Пуля попала в живот, Люся снова треснулась о шкаф и снова стала подниматься, подвывая. От сотрясения со шкафа упал бронзовый бюстик Дзержинского, подаренный Зыбину коллективом райотдела милиции на прошлое Седьмое ноября. Дзержинский с отвратительным хрустом воткнулся в лысый череп продавщицы, пробил его, вошел наполовину и застрял. Задергавшись, Люся ничком упала на паркет и больше уже не поднималась.
– Значит, в голову их надо, – заключил майор, опуская пистолет.
– Послушайте, но она же не из этих… Она же живая была! Вчера еще видел! – забормотал Обуваев, всплескивая руками. – Это получается, в самом деле – эпидемия?
– Ее укусили. Она умерла, потом встала, пришла сюда, – рассуждал вслух главврач. Потом покосился на всхлипывающую секретаршу, пытавшуюся лохмотьями гэдээровской блузки кое-как прикрыть искусанные перси. – Ты как?
– Ж-живая… – пролепетала та. – Я в аптечке… йод…
Из двери кабинета аккуратно выглянул Зыбин.
– Кто стрелял? – спросил он.
– Я, – сказал майор. – Хреновое дело, товарищ Зыбин.
* * *
Разумеется, сидящие в здании райкома партии не могли знать в деталях о том, что же происходит в Энске.
Они не знали, что уцелевшие рабочие сушзавода закрылись в одном из цехов и отбивались от наседающих покойников, швыряя в них банками с готовой продукцией и поливая уксусной эссенцией. Часть из них пыталась прорваться с территории на грузовике, вывозя в том числе женщин из заводоуправления, но мертвецы заблокировали ворота своей массой, и всех, кто был в машине, растерзали.

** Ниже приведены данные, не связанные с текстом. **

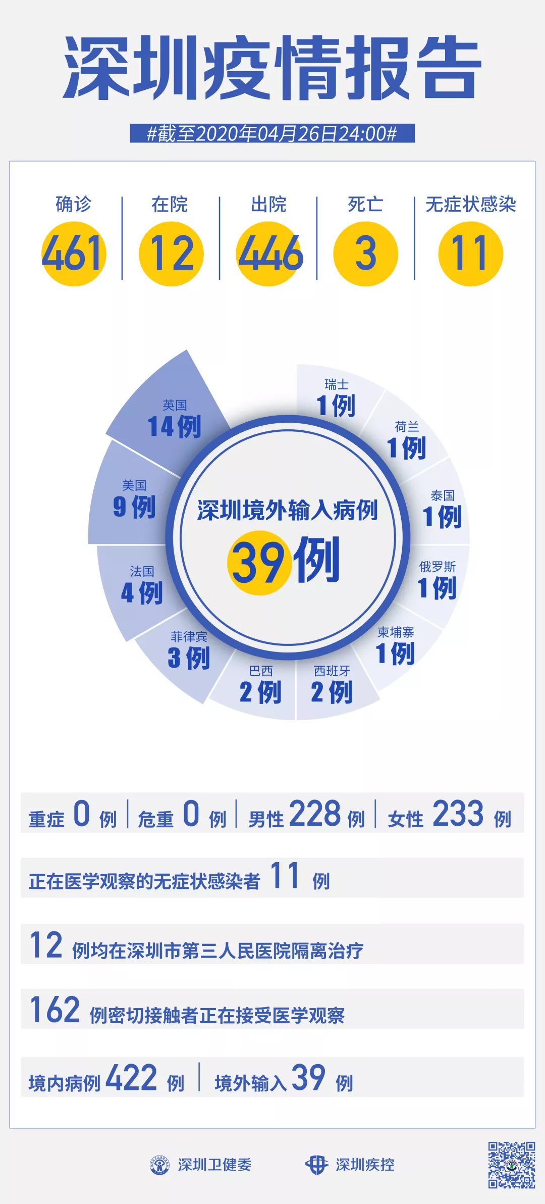 截至4月26日24時,深圳累計(jì)報告新冠肺炎病例461例。

Они не знали, какой бой дали покойникам учащиеся находящегося рядом с кладбищем сельского среднего профессионально-технического училища. Будущие трактористы-машинисты широкого профиля поступили хитро. Сдержать лезущих в огромные окна первого этажа мертвецов они не могли, но на второй этаж училища можно было подняться только по широкой кованой лестнице, благо находилось оно в бывшей помещичьей усадьбе. Лестницу завалили учебными экспонатами – сеялками, веялками, культиваторами и прочей сельскохозяйственной фигней, в руки взяли длинные острые ножи от косилок. Набравшиеся опыта в драках район на район и деревня на деревню пацаны держались несколько часов, сбивая все новые волны покойников, а затем отступили на чердак. С высоких лип возле училища на кровавую суету недоуменно смотрели из своих гнезд аисты.

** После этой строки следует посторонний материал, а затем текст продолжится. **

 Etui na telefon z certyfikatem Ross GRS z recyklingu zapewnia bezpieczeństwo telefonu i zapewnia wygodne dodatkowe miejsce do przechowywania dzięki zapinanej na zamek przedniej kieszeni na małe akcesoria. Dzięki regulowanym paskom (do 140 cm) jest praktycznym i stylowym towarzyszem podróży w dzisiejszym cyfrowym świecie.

В ЦРБ с эвакуацией не успели. Умерший утром циррозник поднялся с каталки и загрыз двух санитарок и старшую медсестру еще до того, как завполиклиникой успел исполнить указания Дворецкого. Лежачие больные кричали, дожидаясь своей участи и глядя на то, как мертвецы расправляются с ходячими больными. Страшнее всего было в детском отделении, но там и закончилось все куда быстрее.

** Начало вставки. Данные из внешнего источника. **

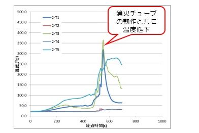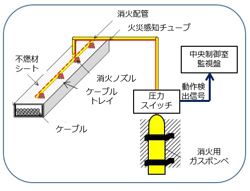 - トレイ内のケーブル火災による発熱でポリエチレンチューブが破裂し、さらに内包された消火剤蒸気圧が上昇して消火剤が噴出

Детей из школ расхватали, кто успел. Остальных милиционеры загрузили в автобусы и вывезли – по чьему-то действительно мудрому решению – в поле за городом, чтобы видеть опасность издалека и в случае чего вовремя ретироваться. С детьми осталось по два сотрудника на автобус, при них – автоматы из оружейки. Остальные вернулись в город, чтобы погибнуть – запас патронов в райотделе на военные действия рассчитан совершенно не был.
Те, у кого были автомобили, пытались спастись на них, но на дорогах натыкались на таких же беженцев, едущих из соседних райцентров или крупных деревень и поселков. Куда ехать, где безопасное место – не знал никто, в итоге люди уезжали из одного паноптикума, чтобы их сожрали в другом.
Ближе к вечеру над городом появился военный вертолет с красной звездой на боку. Неизвестно, что происходило внутри: вначале он вроде бы стал заходить на посадку, чтобы приземлиться на стадионе, но затем резко накренился, завертелся и врезался в электроподстанцию.
Свет в Энске погас.
* * *
Мертвецы бродили по дому Марии Лукьяновны, шаркая ногами. Иногда они сталкивались, натыкались на трюмо и шифоньер, неуклюже падали. Соседка Никитична в окно пролезть не могла и безуспешно билась в забаррикадированную полкой дверь, угрожающе рыча.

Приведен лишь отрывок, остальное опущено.